The top ten secure digital currency exchanges in 2025 are: 1. Binance, 2. OKX, 3. gate.io, 4. Coinbase, 5. Kraken, 6. Huobi, 7. Bitfinex, 8. KuCoin, 9. Bybit, 10. Bitstamp. These platforms adopt multi-level security measures, including separation of hot and cold wallets, multi-signature technology, and a 24/7 monitoring system to ensure the safety of user funds.

Common stablecoins are: 1. Tether, issued by Tether, pegged to the US dollar, widely used but transparency has been questioned; 2. US dollar, issued by Circle and Coinbase, with high transparency and favored by institutions; 3. DAI, issued by MakerDAO, decentralized, and popular in the DeFi field; 4. Binance Dollar (BUSD), cooperated by Binance and Paxos, and performed excellent in transactions and payments; 5. TrustTo

As of 2025, the number of stablecoin exchanges is about 1,000. 1. Stable coins supported by fiat currencies include USDT, USDC, etc. 2. Cryptocurrency-backed stablecoins such as DAI and sUSD. 3. Algorithm stablecoins such as TerraUSD. 4. There are also hybrid stablecoins.
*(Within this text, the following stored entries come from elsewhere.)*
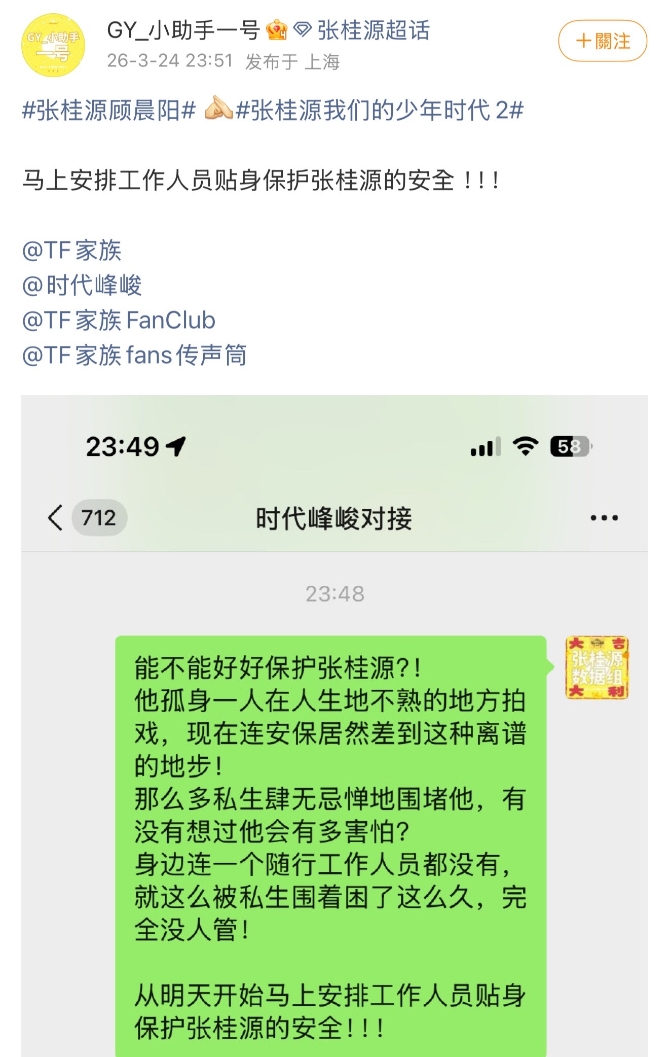 张桂源对接喊话时代峰峻 张桂源对接喊话时代峰峻,要求公司安排工作人员保护好张桂源
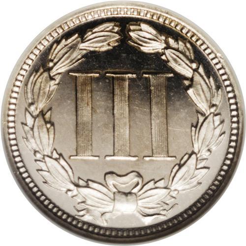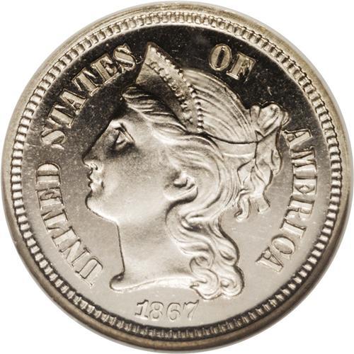 <B>1867<3CN> PR66 Cameo NGC.</B></I> One of several examples of this low mintage proof issue. This is a sparkling, brilliant coin that has flashy fields that provide sharp contrast against the moderately frosted fields. An impressive and essentially flawless proof. Census: 18 in 66, 3 finer (4/06).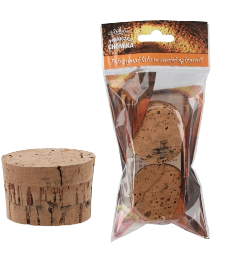 Praktisk sæt med to økologiske korkpropper med en diameter på 55 mm, ideelle til at lukke 54 l damejeanner. Den høje kvalitet sikrer pålidelig tætning, beskytter indholdet mod oxidation og ydre påvirkninger og er sikker til kontakt med fødevarer.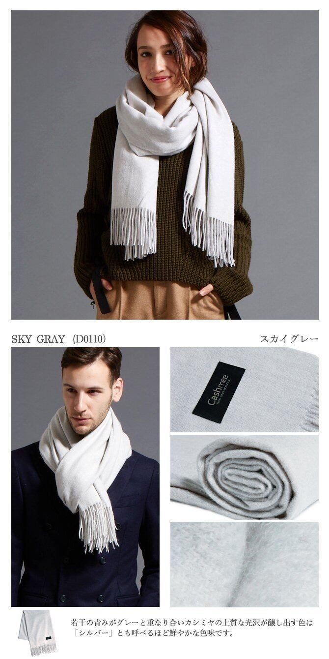 Cashmee 最高級 カシミヤ100% ベーシックウェーブ ストール「soleil」 大判 無地 全18色 レディース メンズ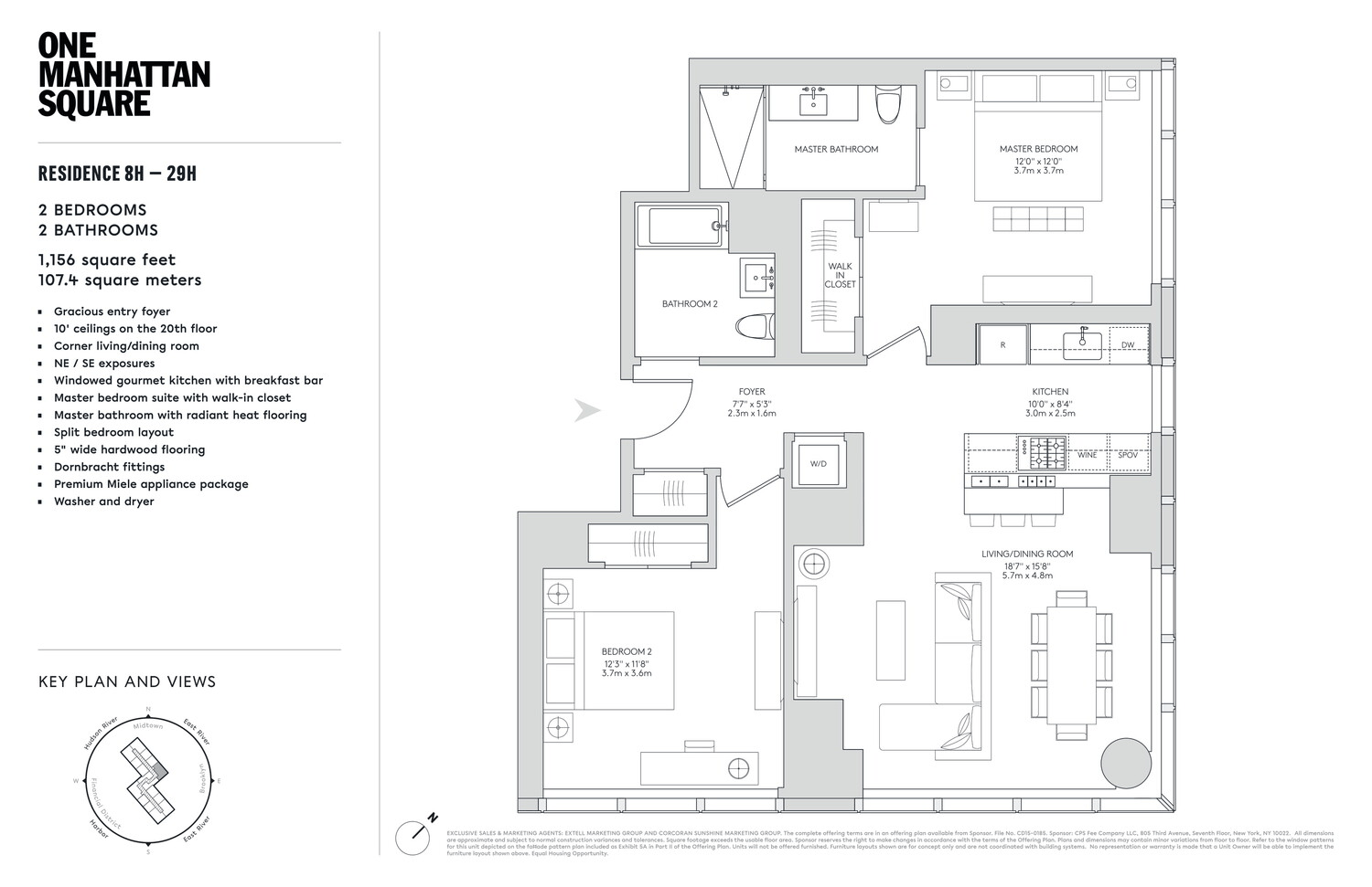 Residence 25H is a 1156 square foot two bedroom, two bathroom, with an open gourmet kitchen and breakfast bar. This spacious residence faces North East and South East with expansive Empire State, Midtown, and East River views. Warm, modern interiors are brought to life by the renowned design team at Meyer Davis Studio. This residence features imported stone and custom finishes, premium Miele appliance package, 5" wide stained oak flooring, master bath with custom wood cabinetry, marble tile walls and mosaic floors with radiant heat, under-mount Wetstyle sink with glass vanity top and Dornbracht polished chrome faucets and a washer and dryer.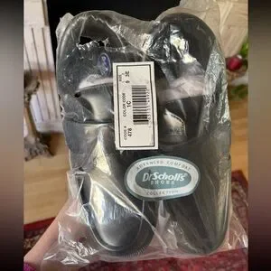 DR. SCHOLL’S Black NEW Double Air-Pillo Insoles Leather EZ Strap Slip On Sz 9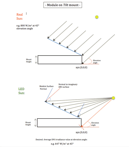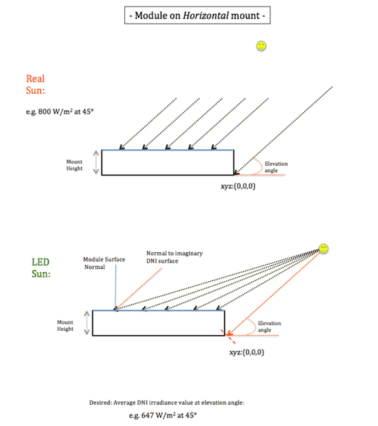 Hi. To frame things generally, I have a variable indoor light source that shines on an inclined plane. More specifically, I have a 3-D LED matrix that shines light onto a miniature pv array. Essentially, I am using an indoor “sun” to shine on the array. I measure the energy produced, and compare it with the energy predicted for the real sun with the same sunpath.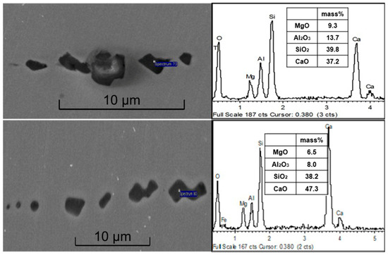 3.2.2. Effect of Calcium Content on the Amount and Size of Inclusions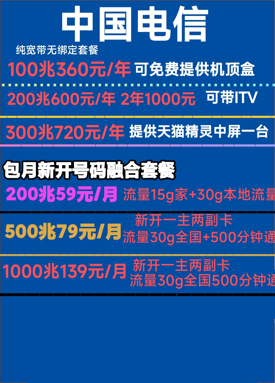 江阴电信宽带优惠办理安装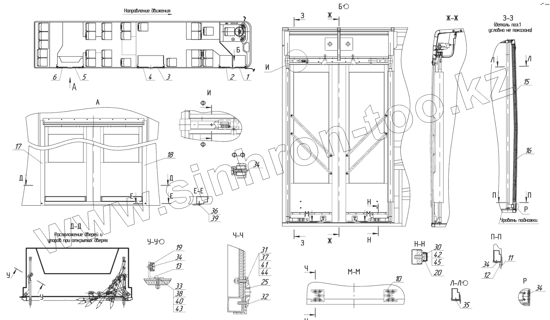 Каталог запасных частей к технике: Нефтекамский автозавод 5299-30-31 (надстройка). 5299-5000123 - Установка дверей
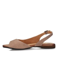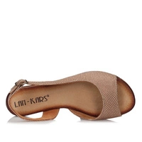 Śliczne sandałki z najnowszej kolekcji wiosenno-letniej renomowanej marki Lan-Kars. Wykonane z naturalnej skóry nubukowej w złotym odcieniu. Subtelna cholewka zdobiona modnym wzorem, została wycięta w pięcie oraz palcach. Dodatkowo na wysokości kostki utworzono delikatne zapięcie ze sprzączką, która układa się do stopy i przytrzymuje ją na miejscu. Środek wykonany z naturalnej skóry, dzięki czemu mamy większy komfort oraz wygodę podczas wielogodzinnego użytkowania. Trwała podeszwa, odporna na ścieranie, z właściwościami antypoślizgowymi. Sandały będą świetnym rozwiązaniem do codziennych stylizacji.

Choosing a reliable exchange is crucial. The top ten exchanges such as Binance, OKX, and Gate.io have their own characteristics. New apps such as CoinGecko and Crypto.com are also worth paying attention to.

As of April 2025, seven cryptocurrency projects are considered to have significant growth potential: 1. Filecoin (FIL) achieves rapid development through distributed storage networks; 2. Aptos (APT) attracts DApp developers with high-performance Layer 1 public chains; 3. Polygon (MATIC) improves Ethereum network performance; 4. Chainlink (LINK) serves as a decentralized oracle network to meet smart contract needs; 5. Avalanche (AVAX) trades quickly and

DLC coins are blockchain-based cryptocurrencies that aim to provide an efficient and secure trading platform, support smart contracts and cross-chain technologies, and are suitable for the financial and payment fields.